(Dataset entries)
====
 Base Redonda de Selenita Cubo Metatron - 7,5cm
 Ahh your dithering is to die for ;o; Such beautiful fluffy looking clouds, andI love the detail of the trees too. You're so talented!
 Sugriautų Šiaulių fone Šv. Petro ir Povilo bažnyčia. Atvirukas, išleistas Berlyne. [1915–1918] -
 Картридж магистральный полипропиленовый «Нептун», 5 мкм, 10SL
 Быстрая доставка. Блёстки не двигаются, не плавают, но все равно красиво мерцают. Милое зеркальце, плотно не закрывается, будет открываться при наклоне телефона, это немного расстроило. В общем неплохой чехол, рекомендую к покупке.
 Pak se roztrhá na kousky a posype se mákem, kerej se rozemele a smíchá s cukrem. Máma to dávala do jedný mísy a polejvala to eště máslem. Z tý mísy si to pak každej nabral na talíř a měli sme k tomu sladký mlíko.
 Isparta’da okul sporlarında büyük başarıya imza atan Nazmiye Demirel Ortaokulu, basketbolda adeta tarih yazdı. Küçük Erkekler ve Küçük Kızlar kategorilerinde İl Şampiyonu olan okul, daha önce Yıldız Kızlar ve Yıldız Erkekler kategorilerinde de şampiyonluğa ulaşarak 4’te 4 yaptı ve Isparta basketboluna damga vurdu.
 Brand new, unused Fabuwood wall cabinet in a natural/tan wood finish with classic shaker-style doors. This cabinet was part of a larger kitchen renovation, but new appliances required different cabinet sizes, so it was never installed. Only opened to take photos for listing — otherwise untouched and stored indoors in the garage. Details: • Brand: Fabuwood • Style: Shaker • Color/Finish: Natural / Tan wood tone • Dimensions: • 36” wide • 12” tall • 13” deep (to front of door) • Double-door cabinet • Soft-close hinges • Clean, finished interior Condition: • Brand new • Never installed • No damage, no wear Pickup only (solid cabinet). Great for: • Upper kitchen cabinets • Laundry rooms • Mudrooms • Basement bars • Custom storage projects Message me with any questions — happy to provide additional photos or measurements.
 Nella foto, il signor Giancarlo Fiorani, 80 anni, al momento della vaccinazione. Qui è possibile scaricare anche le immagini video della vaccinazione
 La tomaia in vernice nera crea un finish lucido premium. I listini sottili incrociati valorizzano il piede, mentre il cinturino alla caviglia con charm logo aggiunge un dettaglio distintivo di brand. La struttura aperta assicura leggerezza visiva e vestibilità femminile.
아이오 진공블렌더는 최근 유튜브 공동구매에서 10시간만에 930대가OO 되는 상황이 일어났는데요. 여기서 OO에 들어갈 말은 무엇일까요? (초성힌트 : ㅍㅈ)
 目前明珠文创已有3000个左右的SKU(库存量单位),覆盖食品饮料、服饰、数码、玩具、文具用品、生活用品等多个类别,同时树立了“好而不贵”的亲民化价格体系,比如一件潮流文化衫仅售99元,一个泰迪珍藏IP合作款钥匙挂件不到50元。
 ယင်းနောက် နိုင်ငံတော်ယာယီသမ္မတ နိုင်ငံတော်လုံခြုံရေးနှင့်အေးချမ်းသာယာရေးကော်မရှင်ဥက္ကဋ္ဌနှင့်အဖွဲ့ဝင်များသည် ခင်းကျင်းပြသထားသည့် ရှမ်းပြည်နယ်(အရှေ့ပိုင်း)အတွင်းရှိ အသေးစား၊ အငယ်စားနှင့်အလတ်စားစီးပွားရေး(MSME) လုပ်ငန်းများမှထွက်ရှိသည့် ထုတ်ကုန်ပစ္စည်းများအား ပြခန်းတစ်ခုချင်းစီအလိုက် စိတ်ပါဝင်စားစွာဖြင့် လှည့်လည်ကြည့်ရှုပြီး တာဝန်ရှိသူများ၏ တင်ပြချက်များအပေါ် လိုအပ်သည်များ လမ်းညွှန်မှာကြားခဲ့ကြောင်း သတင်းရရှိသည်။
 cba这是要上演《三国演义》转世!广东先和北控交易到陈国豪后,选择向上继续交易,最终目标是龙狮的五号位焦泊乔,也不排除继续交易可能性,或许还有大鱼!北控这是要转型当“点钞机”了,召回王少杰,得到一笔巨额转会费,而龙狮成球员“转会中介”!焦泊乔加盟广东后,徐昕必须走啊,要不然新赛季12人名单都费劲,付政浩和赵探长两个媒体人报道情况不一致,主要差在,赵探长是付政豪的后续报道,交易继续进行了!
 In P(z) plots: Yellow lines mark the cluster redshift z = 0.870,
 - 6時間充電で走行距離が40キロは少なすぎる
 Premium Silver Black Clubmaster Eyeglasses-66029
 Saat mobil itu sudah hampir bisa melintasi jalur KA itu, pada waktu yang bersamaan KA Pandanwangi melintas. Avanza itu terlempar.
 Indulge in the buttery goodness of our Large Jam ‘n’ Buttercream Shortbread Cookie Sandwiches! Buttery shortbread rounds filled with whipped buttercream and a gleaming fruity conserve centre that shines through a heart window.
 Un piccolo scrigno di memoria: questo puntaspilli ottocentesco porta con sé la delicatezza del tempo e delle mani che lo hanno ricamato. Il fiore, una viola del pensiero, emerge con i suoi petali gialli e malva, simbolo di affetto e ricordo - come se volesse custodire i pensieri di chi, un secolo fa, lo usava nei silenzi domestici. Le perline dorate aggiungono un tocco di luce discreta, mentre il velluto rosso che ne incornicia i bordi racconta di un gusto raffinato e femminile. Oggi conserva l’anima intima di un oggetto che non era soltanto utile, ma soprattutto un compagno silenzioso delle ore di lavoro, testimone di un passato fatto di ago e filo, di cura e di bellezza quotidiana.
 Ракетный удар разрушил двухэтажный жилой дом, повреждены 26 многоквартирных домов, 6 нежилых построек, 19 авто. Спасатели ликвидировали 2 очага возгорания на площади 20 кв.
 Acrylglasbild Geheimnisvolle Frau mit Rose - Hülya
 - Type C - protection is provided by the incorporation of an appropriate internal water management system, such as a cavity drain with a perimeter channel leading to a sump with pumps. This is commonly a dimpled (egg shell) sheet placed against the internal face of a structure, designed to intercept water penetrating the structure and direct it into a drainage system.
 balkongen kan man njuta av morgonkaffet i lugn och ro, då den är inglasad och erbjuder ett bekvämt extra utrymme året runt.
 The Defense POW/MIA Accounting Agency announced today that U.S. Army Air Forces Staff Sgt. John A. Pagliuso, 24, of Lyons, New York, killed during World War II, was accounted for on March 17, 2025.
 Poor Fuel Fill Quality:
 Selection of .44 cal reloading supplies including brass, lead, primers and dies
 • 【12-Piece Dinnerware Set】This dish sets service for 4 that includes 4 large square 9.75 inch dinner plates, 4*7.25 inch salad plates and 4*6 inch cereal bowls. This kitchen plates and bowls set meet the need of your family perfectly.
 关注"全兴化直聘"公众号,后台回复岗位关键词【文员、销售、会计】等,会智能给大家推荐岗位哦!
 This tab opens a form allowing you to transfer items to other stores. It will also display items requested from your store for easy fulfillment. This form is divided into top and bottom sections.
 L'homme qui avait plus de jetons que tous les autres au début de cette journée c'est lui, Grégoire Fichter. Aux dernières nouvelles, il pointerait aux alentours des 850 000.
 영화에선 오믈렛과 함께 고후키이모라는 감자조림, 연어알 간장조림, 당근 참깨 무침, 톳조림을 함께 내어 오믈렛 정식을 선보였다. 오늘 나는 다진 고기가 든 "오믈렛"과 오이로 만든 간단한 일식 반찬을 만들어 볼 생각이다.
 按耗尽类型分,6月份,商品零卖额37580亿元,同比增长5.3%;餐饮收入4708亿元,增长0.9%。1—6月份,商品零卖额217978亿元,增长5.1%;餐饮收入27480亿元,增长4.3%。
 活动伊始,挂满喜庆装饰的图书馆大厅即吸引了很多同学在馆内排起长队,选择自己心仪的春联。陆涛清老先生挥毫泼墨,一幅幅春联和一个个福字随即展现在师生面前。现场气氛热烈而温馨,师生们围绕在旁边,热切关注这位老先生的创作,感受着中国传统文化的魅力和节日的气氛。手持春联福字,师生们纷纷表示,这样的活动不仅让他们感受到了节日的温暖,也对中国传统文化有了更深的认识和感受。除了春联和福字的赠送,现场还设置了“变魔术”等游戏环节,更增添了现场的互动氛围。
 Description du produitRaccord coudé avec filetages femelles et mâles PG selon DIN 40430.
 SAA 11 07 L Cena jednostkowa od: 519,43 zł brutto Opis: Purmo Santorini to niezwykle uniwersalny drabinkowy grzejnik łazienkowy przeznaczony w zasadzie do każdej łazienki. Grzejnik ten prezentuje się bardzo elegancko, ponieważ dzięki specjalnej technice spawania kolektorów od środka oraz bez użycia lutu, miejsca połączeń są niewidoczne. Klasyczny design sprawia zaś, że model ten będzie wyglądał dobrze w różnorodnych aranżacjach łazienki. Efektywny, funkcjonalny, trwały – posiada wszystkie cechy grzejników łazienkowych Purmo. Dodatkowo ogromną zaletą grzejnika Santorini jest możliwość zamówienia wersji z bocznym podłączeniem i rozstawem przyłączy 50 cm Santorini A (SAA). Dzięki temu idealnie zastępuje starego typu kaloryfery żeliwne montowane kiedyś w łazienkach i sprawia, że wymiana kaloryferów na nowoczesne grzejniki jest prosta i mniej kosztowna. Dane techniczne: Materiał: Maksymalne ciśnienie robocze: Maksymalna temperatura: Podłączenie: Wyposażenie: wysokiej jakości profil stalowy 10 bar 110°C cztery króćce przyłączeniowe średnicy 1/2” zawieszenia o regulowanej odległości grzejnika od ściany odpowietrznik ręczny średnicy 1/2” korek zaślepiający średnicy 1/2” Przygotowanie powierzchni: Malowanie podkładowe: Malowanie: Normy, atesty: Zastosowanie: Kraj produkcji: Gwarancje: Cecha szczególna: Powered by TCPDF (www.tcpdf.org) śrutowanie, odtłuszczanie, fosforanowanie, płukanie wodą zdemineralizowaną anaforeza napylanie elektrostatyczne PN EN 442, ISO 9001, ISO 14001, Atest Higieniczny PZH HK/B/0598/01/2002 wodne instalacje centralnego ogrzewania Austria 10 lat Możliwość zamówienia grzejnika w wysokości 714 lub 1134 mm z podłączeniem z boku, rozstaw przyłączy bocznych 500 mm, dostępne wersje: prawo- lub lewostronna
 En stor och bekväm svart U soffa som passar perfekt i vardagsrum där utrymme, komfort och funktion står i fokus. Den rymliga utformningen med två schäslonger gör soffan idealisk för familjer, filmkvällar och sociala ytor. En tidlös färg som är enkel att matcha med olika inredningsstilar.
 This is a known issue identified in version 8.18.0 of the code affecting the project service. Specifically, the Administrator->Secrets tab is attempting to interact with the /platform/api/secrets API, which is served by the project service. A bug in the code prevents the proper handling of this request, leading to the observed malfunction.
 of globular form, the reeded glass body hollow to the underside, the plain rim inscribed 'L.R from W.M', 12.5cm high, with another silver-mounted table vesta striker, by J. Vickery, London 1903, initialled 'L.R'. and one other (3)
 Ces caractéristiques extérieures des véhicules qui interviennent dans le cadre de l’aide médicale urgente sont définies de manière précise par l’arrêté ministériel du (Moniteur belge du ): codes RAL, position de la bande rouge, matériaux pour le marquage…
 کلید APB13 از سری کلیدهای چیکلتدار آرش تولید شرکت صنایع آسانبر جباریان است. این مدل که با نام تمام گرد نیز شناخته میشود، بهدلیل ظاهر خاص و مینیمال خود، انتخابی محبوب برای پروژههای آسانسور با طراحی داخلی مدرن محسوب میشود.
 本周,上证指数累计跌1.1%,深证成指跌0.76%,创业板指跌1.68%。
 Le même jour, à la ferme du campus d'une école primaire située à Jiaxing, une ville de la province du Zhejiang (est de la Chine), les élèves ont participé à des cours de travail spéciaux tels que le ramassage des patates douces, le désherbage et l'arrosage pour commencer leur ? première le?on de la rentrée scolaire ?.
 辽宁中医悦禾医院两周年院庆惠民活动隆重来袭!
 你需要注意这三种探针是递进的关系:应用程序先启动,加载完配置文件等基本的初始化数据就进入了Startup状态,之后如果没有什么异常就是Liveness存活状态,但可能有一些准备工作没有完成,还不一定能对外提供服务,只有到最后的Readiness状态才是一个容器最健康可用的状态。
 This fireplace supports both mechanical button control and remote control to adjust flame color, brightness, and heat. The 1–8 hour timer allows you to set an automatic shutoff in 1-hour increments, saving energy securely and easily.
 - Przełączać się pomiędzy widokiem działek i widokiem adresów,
====
From the opening line of the data above through the line holding "Быстрая доставка. Блёстки", give every line again exactly as it stands.

 Base Redonda de Selenita Cubo Metatron - 7,5cm
 Ahh your dithering is to die for ;o; Such beautiful fluffy looking clouds, andI love the detail of the trees too. You're so talented!
 Sugriautų Šiaulių fone Šv. Petro ir Povilo bažnyčia. Atvirukas, išleistas Berlyne. [1915–1918] -
 Картридж магистральный полипропиленовый «Нептун», 5 мкм, 10SL
 Быстрая доставка. Блёстки не двигаются, не плавают, но все равно красиво мерцают. Милое зеркальце, плотно не закрывается, будет открываться при наклоне телефона, это немного расстроило. В общем неплохой чехол, рекомендую к покупке.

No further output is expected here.